§ **BRIEF**
This task calls for the lines below starting at the one containing "Desde Perú, llegaron" and ending at the one containing "Rubber gecoate balpen", repeated exactly with both ends kept and pictures left out.

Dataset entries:
________
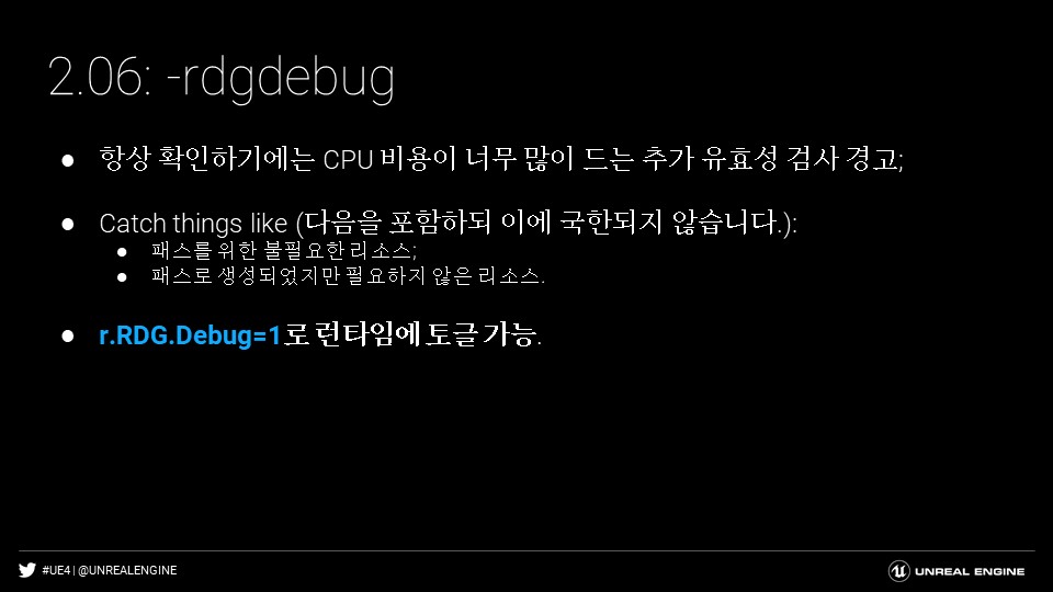 RDG는 그래프 설정과 관련된 문제뿐만 아니라 성능 문제도 잡아낼 수 있는 풍부한 유효성 검사 계층을 제공합니다. 더 많은 비용이 드는 유효성 검사는 명령줄을 통해 또는 런타임 중에 활성화할 수 있는 CVar 뒤에 숨겨져 있습니다. 유효성 검사의 일반적인 사례 중 하나는 선언되었지만 패스에서 실제로 사용되지 않는 리소스를 포착하는 것입니다.
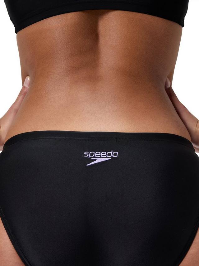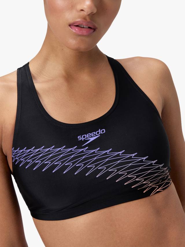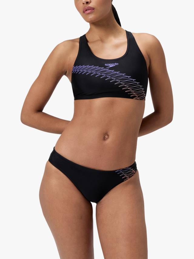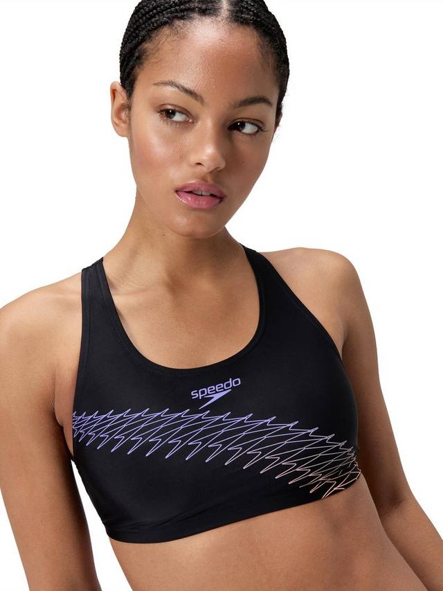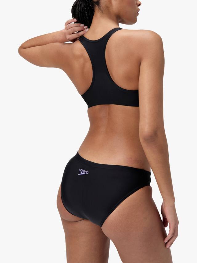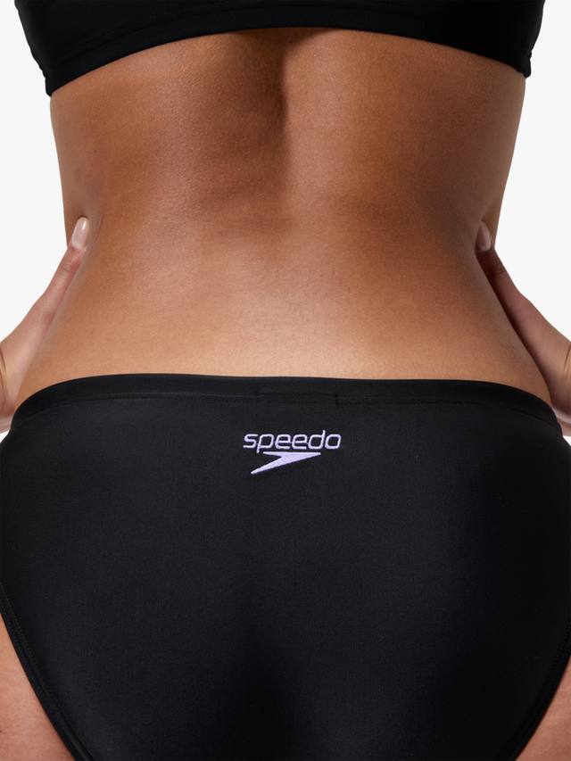Добьтесь своих фитнес-целей в спортивном черном бикини Speedo с лаконичным логотипом Boom. Спинка-борцовка обеспечивает полную подвижность плеч, позволяя вам продолжать тренироваться в быстром темпе. Затяните шнурок на трусиках для надежной посадки и отправляйтесь в бассейн. Изготовлено из устойчивой к хлору ткани EnduraFlex, растягивающейся в 4 направлениях, и формоустойчивого волокна CREORA HighClo.
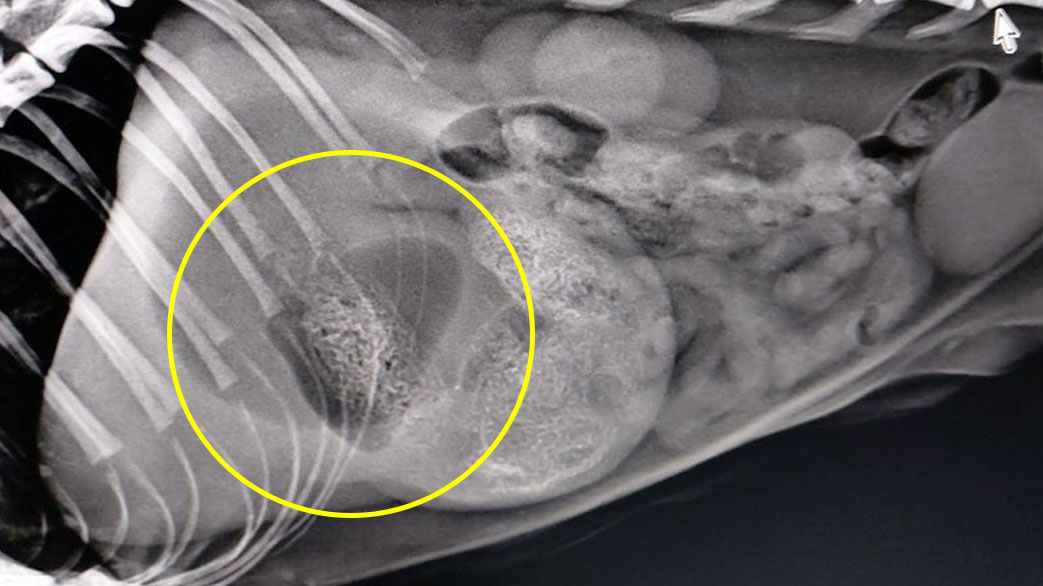 หมอจับ X-ray พบสิ่งแปลกปลอมอุดตันในกระเพาะอาหาร จนกระเพาะอาหารขยายขนาด แมวมีภาวะท้องกาง และผอมมาเลยค่ะ (1.8 kg)
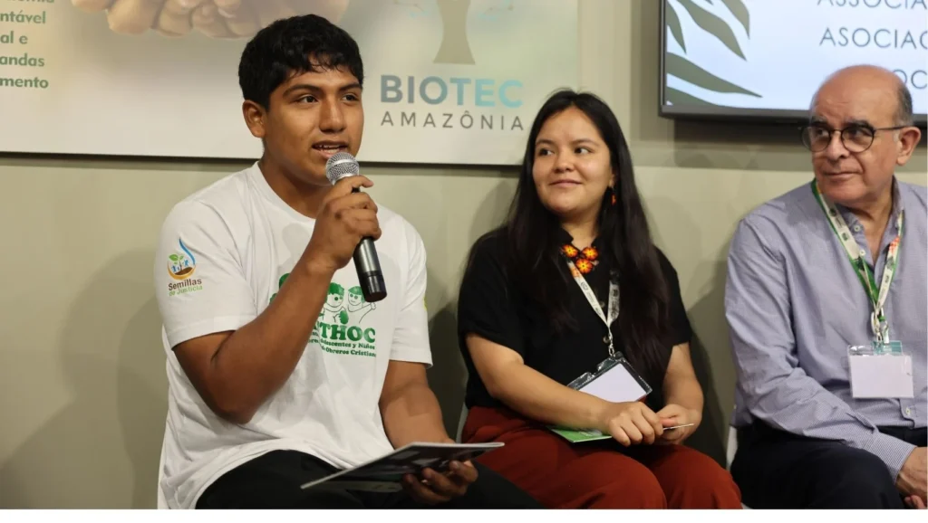 Desde Perú, llegaron a la COP30 Gianella y Jherico, dos adolescentes de San Martín y Piura respectivamente e integrantes del MANTHOC, quienes asistieron a diversos eventos en los cuales compartieron sus vivencias sobre cómo el cambio climático afecta a sus territorios, como las sequías, la pérdida de biodiversidad, las olas de calor, entre otros. Uno de estos eventos fue organizado por la UNAMAZ y contó también con la participación en el panel de la SPDA y Save the Children.
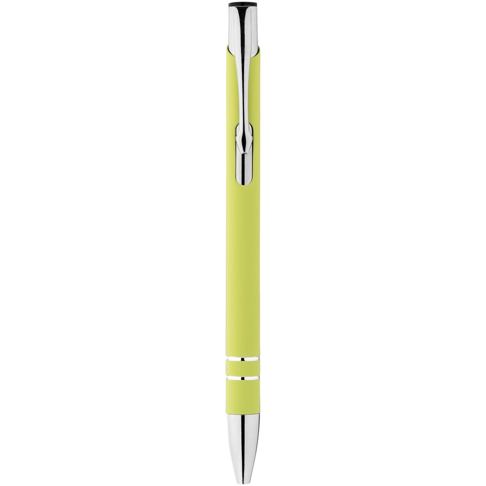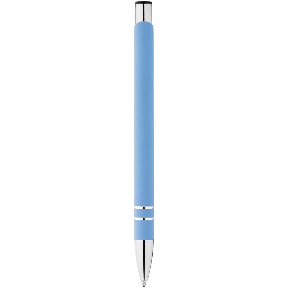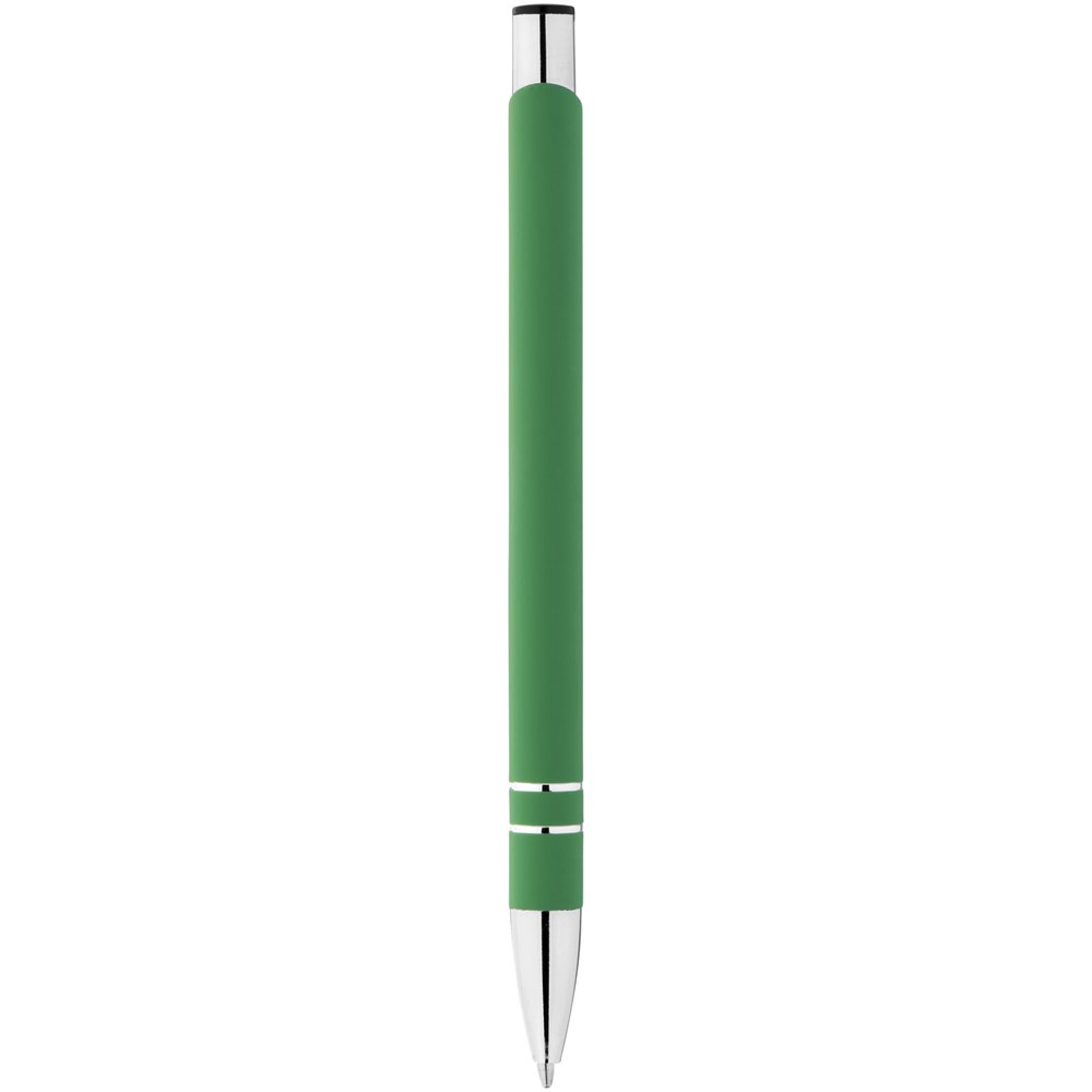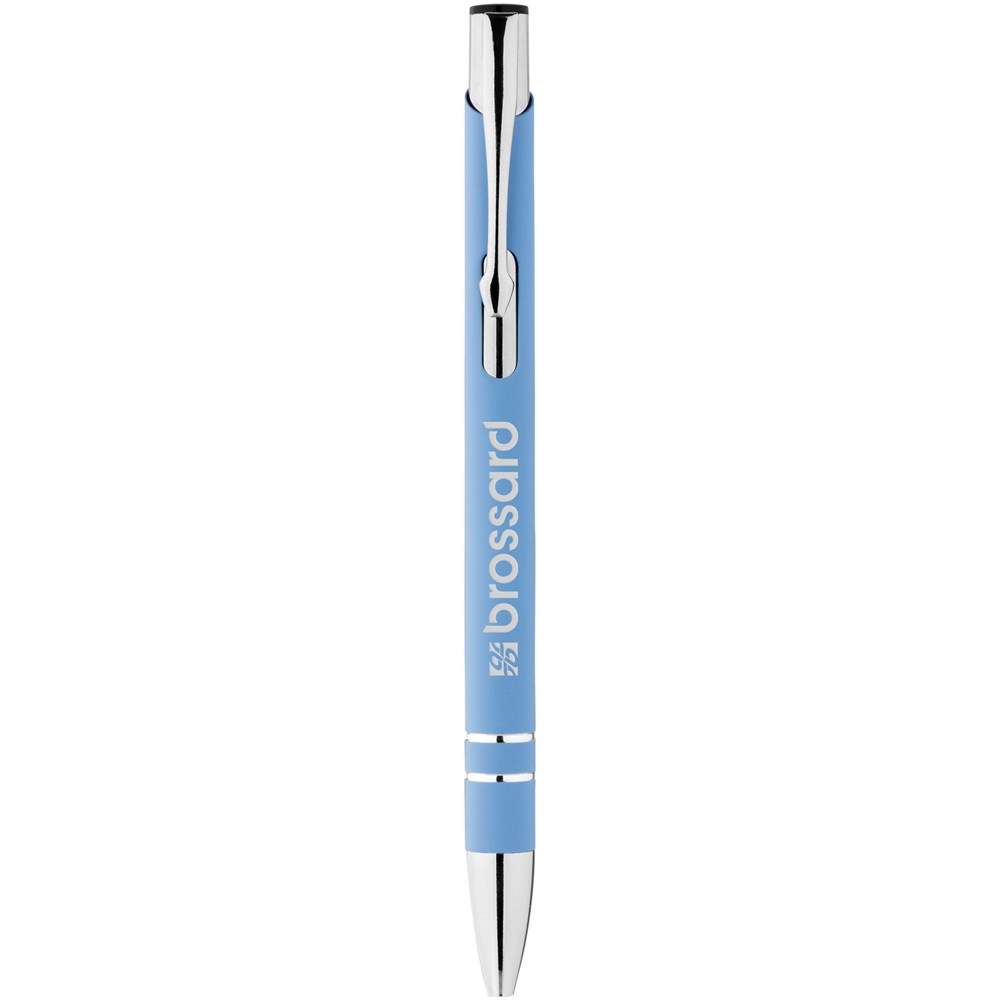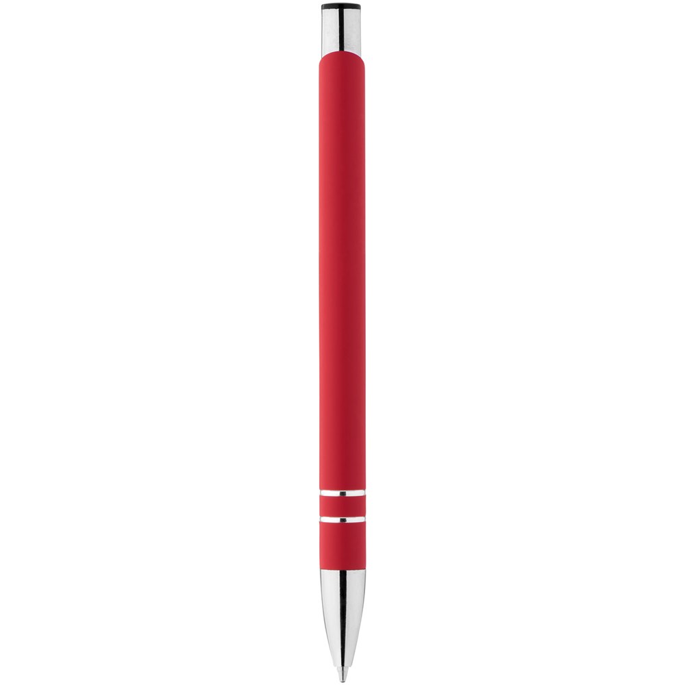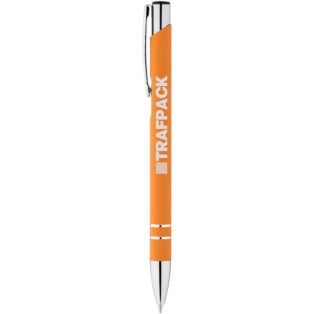 Rubber gecoate balpen met klikmechanisme. Zwartschrijvend.
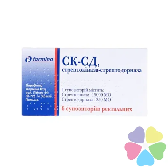 Фармакологічні властивості.Фармакодинаміка.Лікарський засіб «СК-СД, стрептокіназа-стрептодорназа», супозиторії, діє місцево після ректального застосування. Стрептокіназа діє як фібринолітик та розчиняє фібринові та інші згустки. Стрептодорназа розчиняє дезоксирибонуклеопротеїди та дезоксирибонуклеокислоти, у результаті чого знижується в’язкість гнійних ексудатів і розчиняються мертві клітини.
________
§ **TASK RESULT**
 Desde Perú, llegaron a la COP30 Gianella y Jherico, dos adolescentes de San Martín y Piura respectivamente e integrantes del MANTHOC, quienes asistieron a diversos eventos en los cuales compartieron sus vivencias sobre cómo el cambio climático afecta a sus territorios, como las sequías, la pérdida de biodiversidad, las olas de calor, entre otros. Uno de estos eventos fue organizado por la UNAMAZ y contó también con la participación en el panel de la SPDA y Save the Children.
 Rubber gecoate balpen met klikmechanisme. Zwartschrijvend.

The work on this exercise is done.